I guarantee the bank doing your 100% financing 2 flats cares about DSCR, but why should you? You're much smarter than such silly notions and have a brilliant new tool called $100 per unit cash flow.

It doesn't matter, apparently, whether you are paying 10k, 50k, or 100k per unit, as long as you get $100 per unit, right? You've managed to completely eliminate the relationship between price and income with one swift stroke.  LOL.

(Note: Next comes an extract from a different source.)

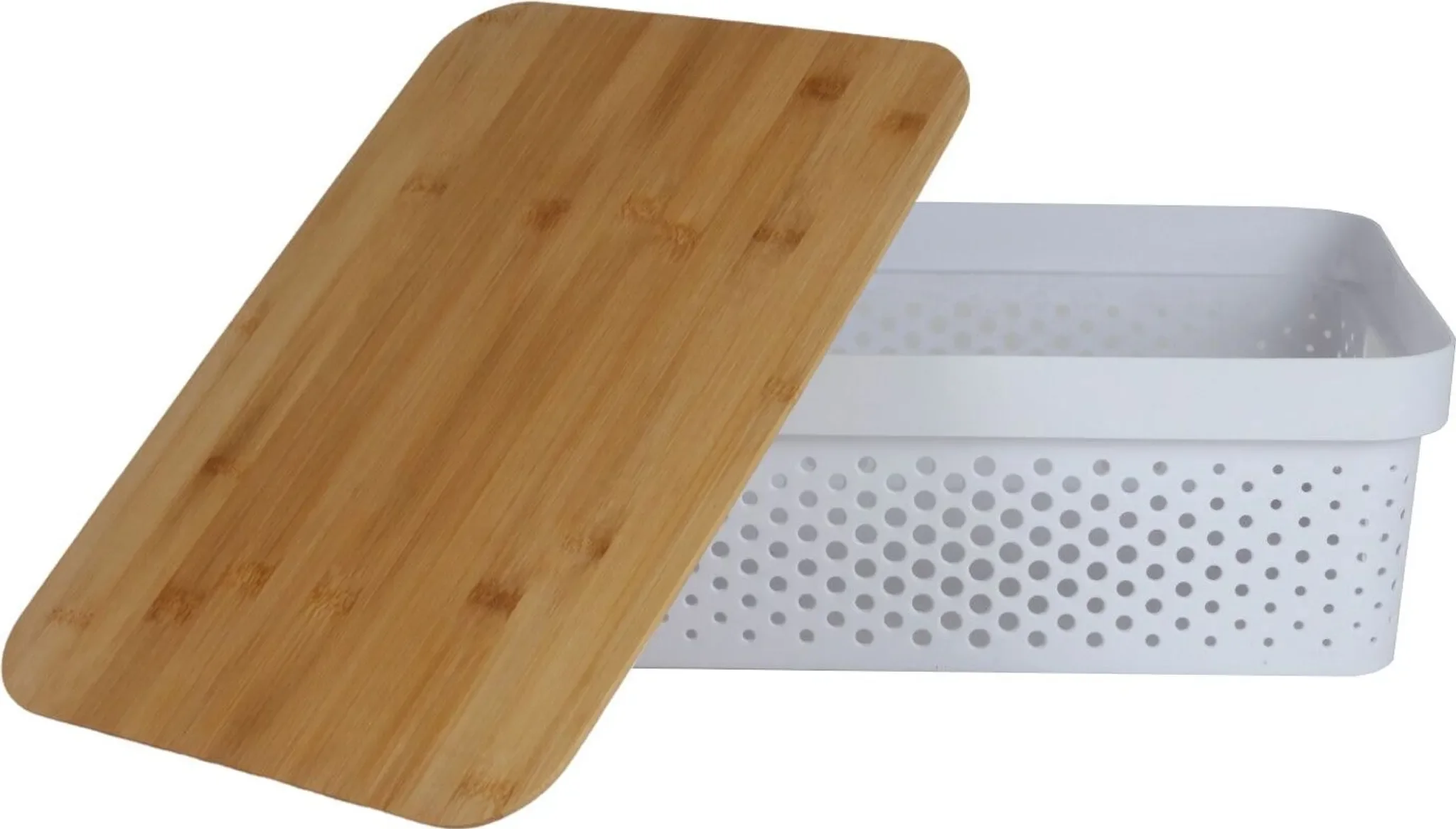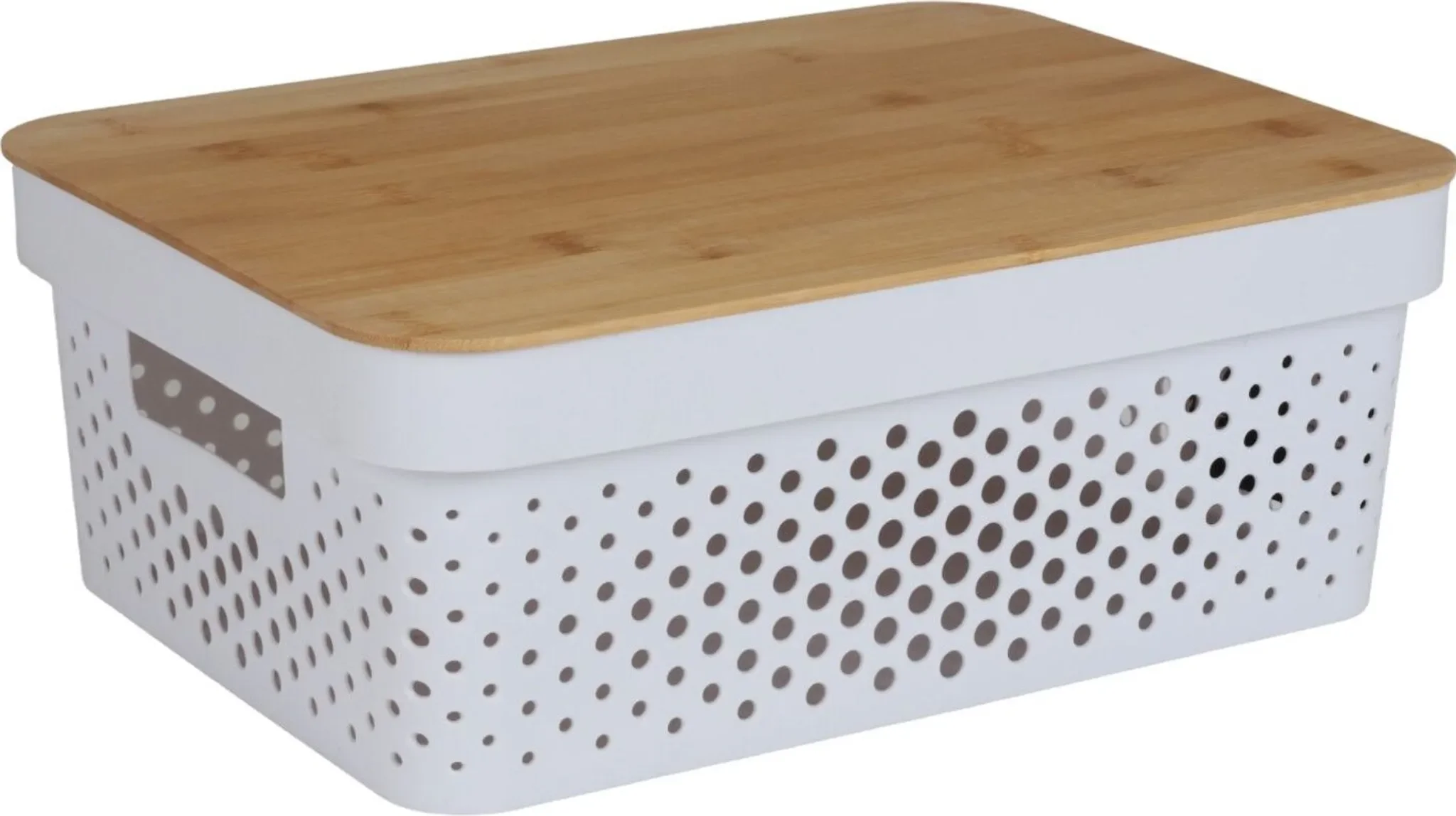 Aufbewahrungsbox mit Bambusdeckel – 11 L, Weiß

In reality, Mike, CAP is the simplest way of looking at a property's income.  It is much easier than looking at "$100 Cash Flow per unit." Looking at "cash flow per unit" is like a little kid trying to sound out a word letter by letter rather than just reading the word.  That's the reason behind all the endless "nonsense" about CAP rates.  Of courese I didn't have the cash flow information for the subject property in this post "after all those gyrations".  Neither did you. Why? There's a variable missing:  Input his debt service info and POOF, like magic, there it is.

Why "shoot for an 11 CAP" rather than just figuring out $100 per unit after expenses and mortgage? Because, if you did,  you might stop deceiving yourself as to whether or not your deals are profitable.

The CAP rate is not the "additional step" silly, it's a primary step.  Why should you go through this oh so laborious 30 seconds to figure out a CAP rate? Because $100 dollar per unit doesn't illustrate any relationship between your income and the value of your property.

$100 per unit tells you nothing about a deal.